Enquanto Shiva expunha o Tantra de Sristi Rahasya (segredo da criação) para Devi, um filete de água na parede de suas cavernas começou a se solidificar, na forma de uma magnífica LINGA de gelo.

'Veja minha querida, esta linda Linga', continuou Shiva. “Isso traz à mente uma verdade sutil: a água e o gelo são um, e cada um contém o outro. O gelo está latente na solidificação da água. E também a água está sempre presente no gelo, esperando apenas para ser descongelada. Da mesma maneira, em cada homem, está a sensibilidade de uma mulher e, em cada mulher, a coragem de um guerreiro robusto.

O linga é um símbolo do amor

“Este linga é um símbolo do nosso amor; um lembrete de nossa união eterna, uma manifestação do princípio eterno de Shiva Shakti. Vamos celebrar amor, união, manifestação repleta de toda a sua sensualidade e sacralidade, que haja comunhão entre o manifesto e o transcendente! ” declarou Shiva.

“Quão lindas são suas palavras! Mas quando meus filhos terão essa visão? perguntou a mãe, latente na noiva.

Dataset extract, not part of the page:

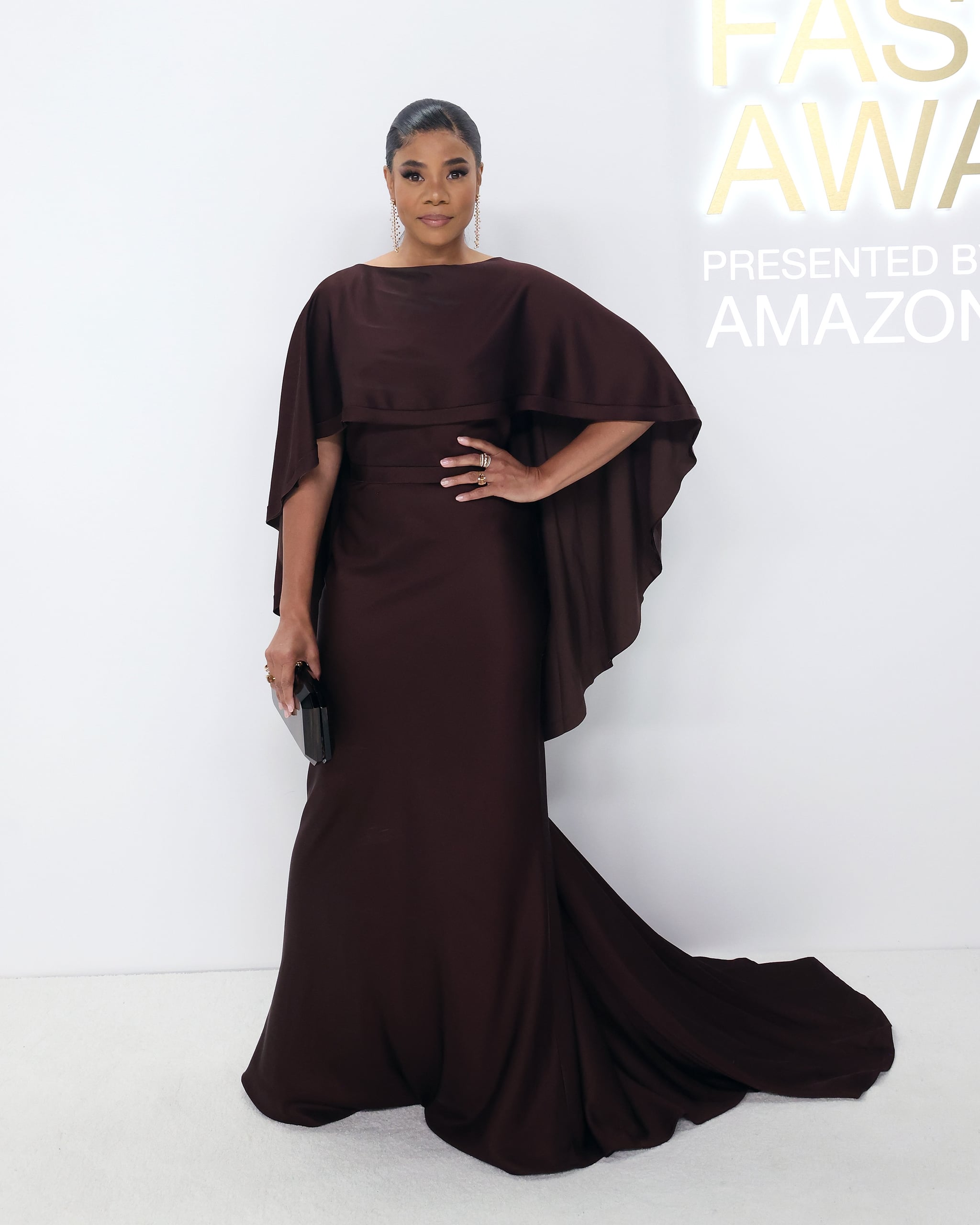 Elegance was the name of the game in regards to Regina’s Wu look. The rich chocolate brown complements her skin beautifully while the cape sleeves add a touch of refinement to the look.

“No devido tempo! O mundo acabou de ser criado. Deixe as crianças contarem suas histórias! Que eles experimentem, que pensem e depois procurem! O que é imutável? O que é imortal? E onde eles começaram? Qualquer ser que fizer a jornada sagrada e alcançar nossa caverna de amor primitivo receberá Amrita, a realização da imortalidade.

Este era o prelúdio divino de Amarnath, onde o gelo se forma todos os anos para lembrar os filhos de sua herança sagrada.

'Shivratri é o aniversário de Shiva', dizem alguns.

Outros juram que é sua noite de núpcias com Parvati, alguns opinam que é quando o Ananda tandava, 'a primeira dança' começou.

'Oh, então meu Senhor, qual dos três é isso?' perguntou Parvati.

E então Shiva a abraçou e, fixando os olhos nos dela, sussurrou: - Todos os três, meu Devi. Quando estou unido a você, é todo o mundo daqui a pouco.

(Shail Gulhati é o autor de 'Shiva, o melhor viajante do tempo'. Disponível nos livros da Amazon.)